In other words, because I’m freshly seated as Chair of the Cultural Affairs, Tourism, Parks and Recreation Committee, it’s no wonder I stand in strong opposition to proposed budget cuts that affect, well, all of the above.
But the evidence is hard to ignore. The arts industry generates $25.7 billion worth of economic impact in New York State. The overall multiplier is 1.98, “which means that for every dollar in direct spending, another 98 cents of value is generated in the state’s economy.”
Even Milton Friedman would get pretty comfortable in a seat like that.
Just look at capital spending. Between 2003 and 2005, cultural institutions in New York City spent $1.4 billion on capital construction. This generated “an average of 3,460 full-time equivalent jobs in each of the three years.”

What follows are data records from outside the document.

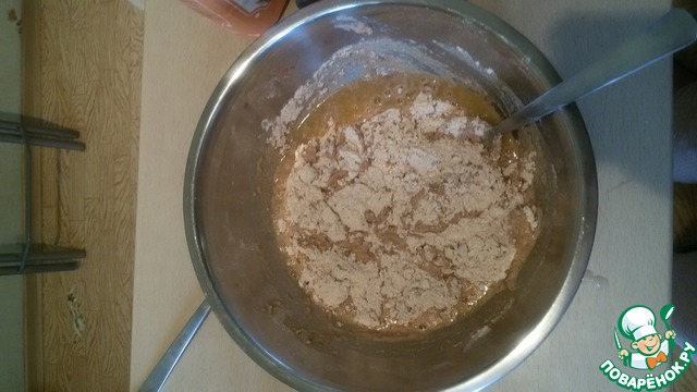 Вливаем сахарно-масляную смесь в мучную смесь, добавляем ржаную муку.
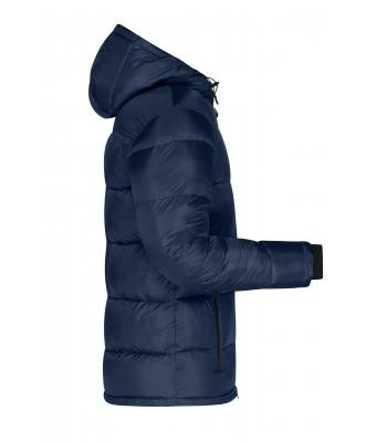 Modern szabású, James&Nicholson JN1168 téli dzseki, állítható kapucnival, a teljes hosszúságú rejtett szélvédő állvédővel, YKK 2 irányú cipzárral, 1 belső- valamint 2 cipzáras oldalzseb, elasztikus belső mandzsettával és kontrasztos színű béléssel, újrahasznosított poliészter Ripp-Stop szövetből, újrahasznosított poliészter béléssel, DuPont™ Sorona® Aura párnázattal (megújuló, bio alapanyag), valamint víz- és szennyeződéstaszító a BIONIC-FINISH®ECO bevonattal!
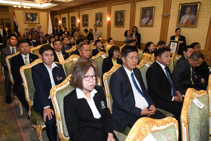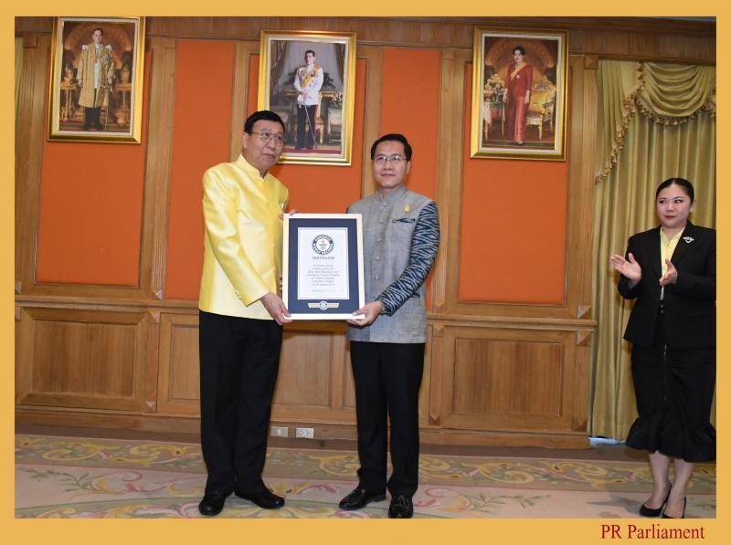 จากนั้น ประธานสภานิติบัญญัติแห่งชาติรับมอบ ตราสัญลักษณ์ GUINESS WORLD RECORDS จาก นายยุทธศักดิ์ สุภสร ผู้ว่าการการท่องเที่ยวแห่งประเทศไทย พร้อมทั้งมอบเงินจากการจัดโครงการให้แก่ นายทวีศักดิ์ วาณิชย์เจริญ รองปลัดกระทรวงการท่องเที่ยวและกีฬา เพื่อนำเข้าสมทบกองทุน ช่วยเหลือเยียวยานักท่องเที่ยวต่างชาติ กระทรวงการท่องเที่ยวและกีฬา ในโอกาสนี้ได้มอบใบประกาศเกียรติคุณเพื่อแสดงความขอบคุณ ผู้ให้การสนับสนุน การจัดโครงการดังกล่าว จำนวน ๕๕ ราย

Yet funding for the New York State Council on the Arts could take a $7 million hit for the current fiscal year, and another $7 million for 2009-2010.
Meanwhile, state support for zoos, botanical gardens and aquariums would disappear under the proposed executive budget. That could mean massive layoffs at a place like the Bronx Zoo, where 38% of full-time staff and 80% of part-time staff live in the borough … and don’t forget the porcupines.

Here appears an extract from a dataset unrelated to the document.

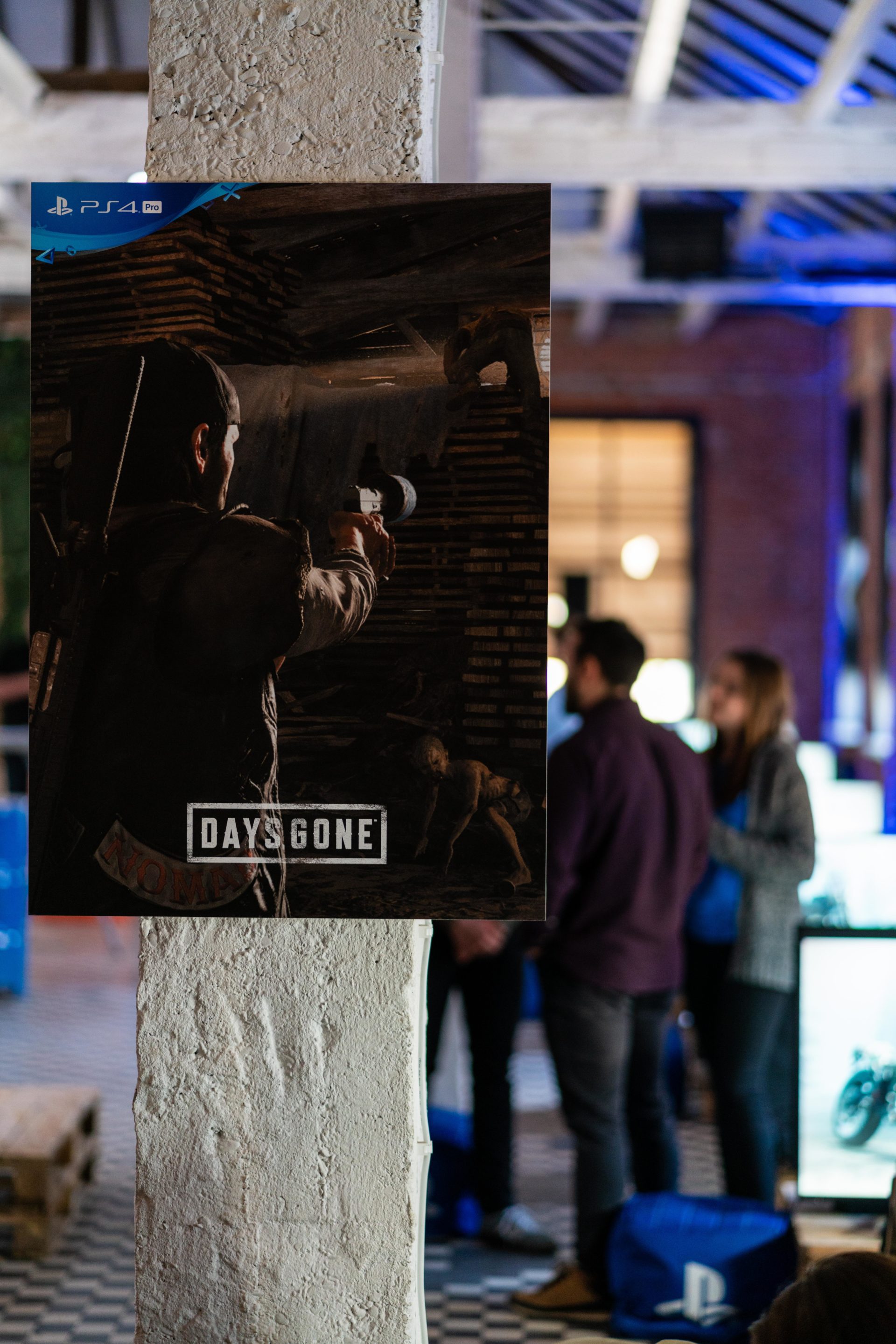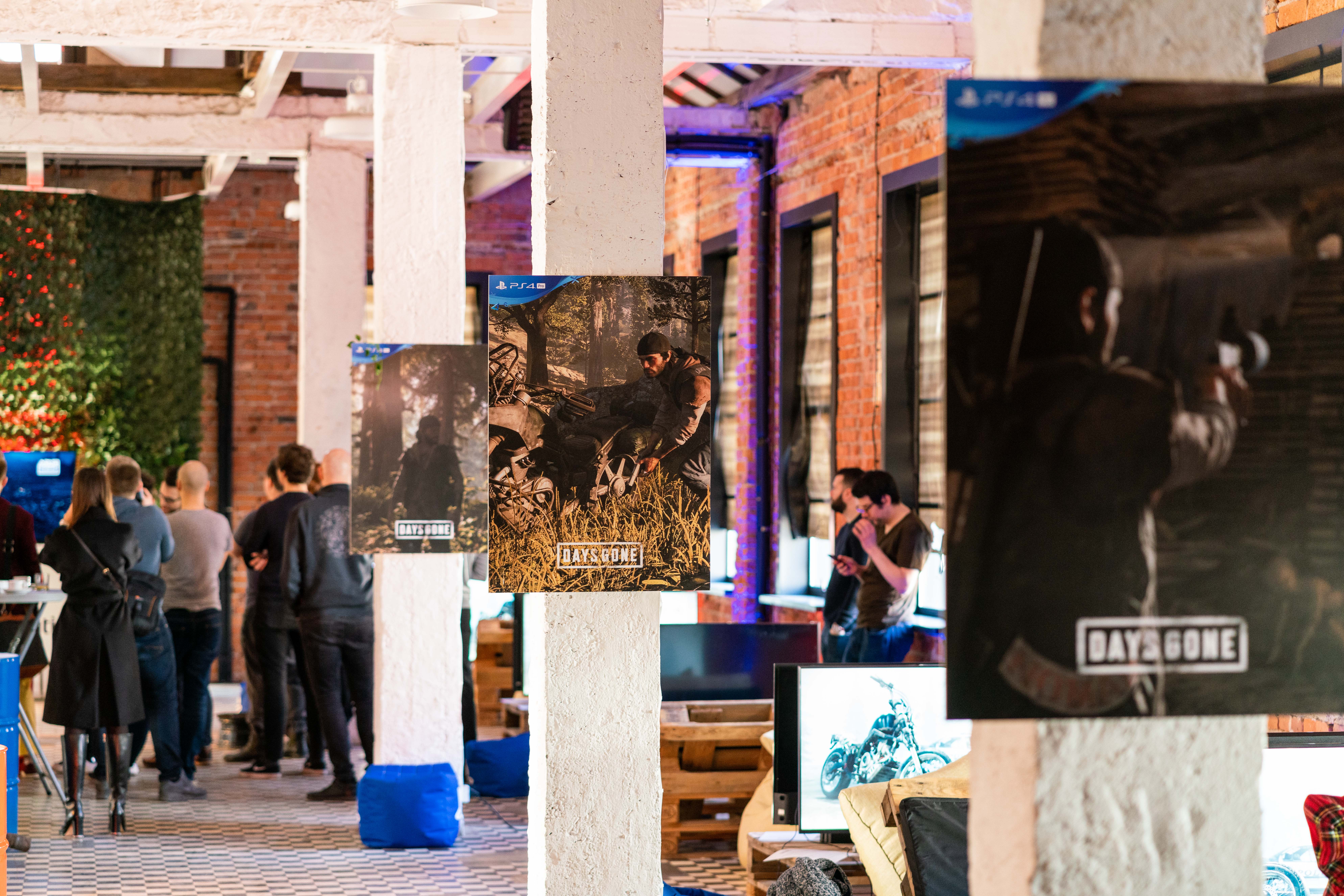 Na początek zostałem przywitany klimatycznym wystrojem, który wyglądał jakby był żywcem wyjęty z produkcji postapo, w której niektóre elementy życia wracają do względnej normalności. Poza szeregiem telewizorów z podłączonymi konsolami, można było zawiesić oko na plakatach zdobiących filary czy rozebranym motocyklu, który wołał do zgromadzonych by ktoś się nim zaopiekował i złożył ponownie w celu podboju okolicznych dróg. Nim mogliśmy zasiąść przed telewizorami w cały klimat wprowadził nas John Garvin.

The point is that museums and “living museums” have always been an incubator for real growth – not the watch-my-stock-portfolio-boom kind of growth, but rather the one that produces jobs, creates linkages with local business, and expands education for our kids.
All the more important for our kids, who keep getting squeezed out of valuable art space in their public schools.

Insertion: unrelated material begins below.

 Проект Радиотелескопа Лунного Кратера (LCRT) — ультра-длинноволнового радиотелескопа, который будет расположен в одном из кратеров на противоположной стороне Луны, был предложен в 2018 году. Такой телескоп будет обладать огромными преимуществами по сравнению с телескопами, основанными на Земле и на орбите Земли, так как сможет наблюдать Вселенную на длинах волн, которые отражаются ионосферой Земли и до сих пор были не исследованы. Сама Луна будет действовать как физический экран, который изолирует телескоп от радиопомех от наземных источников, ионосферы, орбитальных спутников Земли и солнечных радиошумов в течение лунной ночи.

In order to restore some of these critical investments, I stand with a large number of my legislative colleagues in support of more progressive taxation. The wealthiest households in our state have taken a vacation from reality these past few decades, and must pay their fare share.
I will also advocate more support from the federal government – first and foremost on issues like housing and public health, but also as it relates to the arts. New Deal initiatives like the Federal Art Project and Federal Writers’ Project unleashed a great deal of hope and creativity in New York – whether it was murals (like those at WNYC) or life histories (here’s one from my own district).
Cultural treasures are born out of difficult times … but it often takes political will.
On February 3rd, Assemblymember Steve Englebright and I will convene a Joint Committee Meeting to discuss the proposed budget cuts. In the spirit of legislative reform, we are counting on bipartisan engagement and participation, and – perhaps for the first time in Albany history – soliciting YouTube commentary from organizations across the state. We want to make sure that even if you can’t make the trip to Albany – though carpooling is available! – that your voice will be heard.